Items from a dataset
-------------------------
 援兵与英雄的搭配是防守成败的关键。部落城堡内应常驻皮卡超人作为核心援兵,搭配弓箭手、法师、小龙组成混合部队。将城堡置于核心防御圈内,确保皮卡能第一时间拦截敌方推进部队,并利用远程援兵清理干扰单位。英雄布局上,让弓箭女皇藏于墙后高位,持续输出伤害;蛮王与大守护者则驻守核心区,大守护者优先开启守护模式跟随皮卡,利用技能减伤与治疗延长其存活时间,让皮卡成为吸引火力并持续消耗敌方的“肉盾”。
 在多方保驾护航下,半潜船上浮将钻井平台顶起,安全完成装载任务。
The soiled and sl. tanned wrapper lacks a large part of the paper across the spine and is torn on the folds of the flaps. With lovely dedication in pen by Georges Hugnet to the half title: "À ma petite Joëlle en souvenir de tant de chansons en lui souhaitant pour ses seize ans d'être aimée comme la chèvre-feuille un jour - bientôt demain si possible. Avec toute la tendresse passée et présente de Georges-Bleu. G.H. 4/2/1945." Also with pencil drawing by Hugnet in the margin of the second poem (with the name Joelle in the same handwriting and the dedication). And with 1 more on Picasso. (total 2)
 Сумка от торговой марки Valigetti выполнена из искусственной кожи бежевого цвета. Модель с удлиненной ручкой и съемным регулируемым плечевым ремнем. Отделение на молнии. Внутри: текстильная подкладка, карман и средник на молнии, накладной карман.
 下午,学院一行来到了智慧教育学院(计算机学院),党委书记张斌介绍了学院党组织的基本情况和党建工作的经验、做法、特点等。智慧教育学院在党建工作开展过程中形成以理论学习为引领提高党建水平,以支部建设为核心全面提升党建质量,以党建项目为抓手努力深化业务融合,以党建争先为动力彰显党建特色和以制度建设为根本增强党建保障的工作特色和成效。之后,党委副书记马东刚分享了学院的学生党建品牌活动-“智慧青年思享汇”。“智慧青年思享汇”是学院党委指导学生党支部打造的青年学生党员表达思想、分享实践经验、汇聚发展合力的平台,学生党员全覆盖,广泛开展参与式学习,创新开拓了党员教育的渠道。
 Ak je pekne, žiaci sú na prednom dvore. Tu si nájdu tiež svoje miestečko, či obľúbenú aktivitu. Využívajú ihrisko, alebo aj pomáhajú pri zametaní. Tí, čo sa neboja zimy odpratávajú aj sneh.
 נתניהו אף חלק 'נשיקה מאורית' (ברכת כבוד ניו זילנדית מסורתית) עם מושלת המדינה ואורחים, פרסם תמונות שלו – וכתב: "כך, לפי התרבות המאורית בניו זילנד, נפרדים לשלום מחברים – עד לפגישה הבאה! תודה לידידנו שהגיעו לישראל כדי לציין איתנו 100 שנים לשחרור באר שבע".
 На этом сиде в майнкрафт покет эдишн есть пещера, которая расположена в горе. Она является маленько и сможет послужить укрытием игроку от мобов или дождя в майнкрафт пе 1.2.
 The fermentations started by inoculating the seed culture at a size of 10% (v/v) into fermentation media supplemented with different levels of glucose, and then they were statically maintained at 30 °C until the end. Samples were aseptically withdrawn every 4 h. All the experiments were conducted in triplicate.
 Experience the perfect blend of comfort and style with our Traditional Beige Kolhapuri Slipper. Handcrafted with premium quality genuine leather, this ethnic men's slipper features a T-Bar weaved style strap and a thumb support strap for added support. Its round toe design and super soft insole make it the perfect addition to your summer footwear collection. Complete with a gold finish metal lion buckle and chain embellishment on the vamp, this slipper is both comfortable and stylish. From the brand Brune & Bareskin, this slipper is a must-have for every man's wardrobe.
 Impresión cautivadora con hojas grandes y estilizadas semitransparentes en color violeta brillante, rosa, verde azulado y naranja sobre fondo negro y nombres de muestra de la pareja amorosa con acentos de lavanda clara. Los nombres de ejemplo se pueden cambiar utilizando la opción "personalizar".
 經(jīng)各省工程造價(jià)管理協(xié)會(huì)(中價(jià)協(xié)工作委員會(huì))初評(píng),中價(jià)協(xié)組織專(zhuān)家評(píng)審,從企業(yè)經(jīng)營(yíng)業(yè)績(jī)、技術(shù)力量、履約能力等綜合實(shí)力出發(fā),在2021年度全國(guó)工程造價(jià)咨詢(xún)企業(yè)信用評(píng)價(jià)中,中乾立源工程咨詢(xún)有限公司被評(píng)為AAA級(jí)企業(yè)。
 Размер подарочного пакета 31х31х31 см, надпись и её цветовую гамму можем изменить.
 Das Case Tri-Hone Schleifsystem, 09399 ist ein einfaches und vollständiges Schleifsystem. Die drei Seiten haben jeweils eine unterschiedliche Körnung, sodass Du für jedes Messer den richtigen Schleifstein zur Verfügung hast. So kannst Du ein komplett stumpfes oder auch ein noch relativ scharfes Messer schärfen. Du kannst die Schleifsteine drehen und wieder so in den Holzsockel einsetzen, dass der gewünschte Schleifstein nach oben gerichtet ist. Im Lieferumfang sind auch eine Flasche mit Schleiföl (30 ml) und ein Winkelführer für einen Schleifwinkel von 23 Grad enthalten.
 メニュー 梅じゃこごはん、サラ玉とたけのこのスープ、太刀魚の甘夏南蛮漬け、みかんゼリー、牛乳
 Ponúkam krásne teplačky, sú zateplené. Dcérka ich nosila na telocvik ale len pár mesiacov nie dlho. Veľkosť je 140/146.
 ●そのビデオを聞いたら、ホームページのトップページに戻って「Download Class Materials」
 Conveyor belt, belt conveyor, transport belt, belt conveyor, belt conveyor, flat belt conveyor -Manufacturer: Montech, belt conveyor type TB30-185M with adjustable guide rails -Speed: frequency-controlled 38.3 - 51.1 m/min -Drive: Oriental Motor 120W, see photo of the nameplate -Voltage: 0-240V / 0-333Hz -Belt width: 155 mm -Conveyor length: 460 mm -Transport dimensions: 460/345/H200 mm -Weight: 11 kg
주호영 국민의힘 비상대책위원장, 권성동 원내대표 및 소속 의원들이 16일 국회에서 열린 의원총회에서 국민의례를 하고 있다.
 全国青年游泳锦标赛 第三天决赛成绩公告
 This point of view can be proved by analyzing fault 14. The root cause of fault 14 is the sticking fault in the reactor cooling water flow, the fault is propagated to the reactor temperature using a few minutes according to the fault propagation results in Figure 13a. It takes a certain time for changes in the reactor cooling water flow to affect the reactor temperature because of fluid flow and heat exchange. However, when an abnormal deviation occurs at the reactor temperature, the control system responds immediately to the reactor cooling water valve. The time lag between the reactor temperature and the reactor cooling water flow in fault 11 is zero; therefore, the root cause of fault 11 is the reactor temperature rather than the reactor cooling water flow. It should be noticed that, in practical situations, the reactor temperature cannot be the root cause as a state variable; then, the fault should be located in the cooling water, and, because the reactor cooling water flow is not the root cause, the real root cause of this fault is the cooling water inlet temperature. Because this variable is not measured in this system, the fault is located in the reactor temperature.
-------------------------
Directions for this task: Only the lines above starting at the line that holds "Impresión cautivadora con" and ending at the line that holds "Conveyor belt, belt" are to be repeated, exactly and in full.

Solution for this problem:
 Impresión cautivadora con hojas grandes y estilizadas semitransparentes en color violeta brillante, rosa, verde azulado y naranja sobre fondo negro y nombres de muestra de la pareja amorosa con acentos de lavanda clara. Los nombres de ejemplo se pueden cambiar utilizando la opción "personalizar".
 經(jīng)各省工程造價(jià)管理協(xié)會(huì)(中價(jià)協(xié)工作委員會(huì))初評(píng),中價(jià)協(xié)組織專(zhuān)家評(píng)審,從企業(yè)經(jīng)營(yíng)業(yè)績(jī)、技術(shù)力量、履約能力等綜合實(shí)力出發(fā),在2021年度全國(guó)工程造價(jià)咨詢(xún)企業(yè)信用評(píng)價(jià)中,中乾立源工程咨詢(xún)有限公司被評(píng)為AAA級(jí)企業(yè)。
 Размер подарочного пакета 31х31х31 см, надпись и её цветовую гамму можем изменить.
 Das Case Tri-Hone Schleifsystem, 09399 ist ein einfaches und vollständiges Schleifsystem. Die drei Seiten haben jeweils eine unterschiedliche Körnung, sodass Du für jedes Messer den richtigen Schleifstein zur Verfügung hast. So kannst Du ein komplett stumpfes oder auch ein noch relativ scharfes Messer schärfen. Du kannst die Schleifsteine drehen und wieder so in den Holzsockel einsetzen, dass der gewünschte Schleifstein nach oben gerichtet ist. Im Lieferumfang sind auch eine Flasche mit Schleiföl (30 ml) und ein Winkelführer für einen Schleifwinkel von 23 Grad enthalten.
 メニュー 梅じゃこごはん、サラ玉とたけのこのスープ、太刀魚の甘夏南蛮漬け、みかんゼリー、牛乳
 Ponúkam krásne teplačky, sú zateplené. Dcérka ich nosila na telocvik ale len pár mesiacov nie dlho. Veľkosť je 140/146.
 ●そのビデオを聞いたら、ホームページのトップページに戻って「Download Class Materials」
 Conveyor belt, belt conveyor, transport belt, belt conveyor, belt conveyor, flat belt conveyor -Manufacturer: Montech, belt conveyor type TB30-185M with adjustable guide rails -Speed: frequency-controlled 38.3 - 51.1 m/min -Drive: Oriental Motor 120W, see photo of the nameplate -Voltage: 0-240V / 0-333Hz -Belt width: 155 mm -Conveyor length: 460 mm -Transport dimensions: 460/345/H200 mm -Weight: 11 kg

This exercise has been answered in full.